A base da ação é a convocação no ano passado, por Bolsonaro, de uma reunião com embaixadores para desacreditar, sem provas, o sistema eleitoral.
Embora a reunião com representantes estrangeiros tenha ensejado a ação, a avaliação de observadores da corte é que o processo será dentro de um contexto maior em relação às reiteradas declarações e ações de Bolsonaro contra o sistema eleitoral brasileiro e contra ministros de tribunais superiores.
Assim, a tendência é que a corte eleitoral vá na contramão do entendimento fixado em 2017 ao rejeitar a cassação da chapa de Dilma Rousseff (PT) e Michel Temer (MDB).

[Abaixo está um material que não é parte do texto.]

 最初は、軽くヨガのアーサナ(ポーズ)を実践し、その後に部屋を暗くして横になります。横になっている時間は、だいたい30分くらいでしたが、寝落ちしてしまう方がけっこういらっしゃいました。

Na ocasião, o TSE decidiu por maioria desconsiderar novas provas apresentadas após a ação ser protocolada. Essas provas apontavam outras suspeitas, relacionadas a caixa dois, contra os dois políticos.
O tribunal já deu indícios no sentido de analisar um contexto mais amplo quando ratificou a decisão do relator, ministro Benedito Gonçalves, de incluir a minuta do golpe encontrada na casa do ex-ministro da Justiça Anderson Torres nos autos do processo.

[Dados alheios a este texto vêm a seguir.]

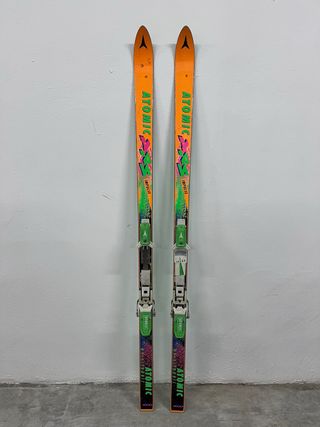 Conjunto de esquís vintage Atomic Impulse. - Diseño en color naranja vibrante. - Fijaciones incluidas.

O Ministério Público Eleitoral, por sua vez, viu nas atitudes de Bolsonaro “um conjunto de assertivas que compõe o propósito de desacreditar a legitimidade do sistema de votação digital” empregado desde 1996 no país.
Na manifestação, a Procuradoria defendeu que a inelegibilidade não se aplique ao candidato a vice de Bolsonaro na campanha de 2022, o ex-ministro Walter Braga Netto (PL).
A Procuradoria considerou que as falas de Bolsonaro geraram “graves consequências” para a aceitação das eleições e que o discurso se mostrou “evidentemente capaz de afetar a confiança de parcela da população” na legitimidade das urnas.
O clima na defesa e entre aliados de Bolsonaro é de pessimismo. Caso seja declarado inelegível, ele ficará inabilitado para disputar eleições por oito anos —prazo contado a partir da eleição de 2022. De acordo com a atual legislação, caso condenado, o ex-presidente estará apto a se candidatar novamente em 2030, aos 75 anos, ficando afastado portanto de três eleições até lá (sendo uma delas a nacional de 2026).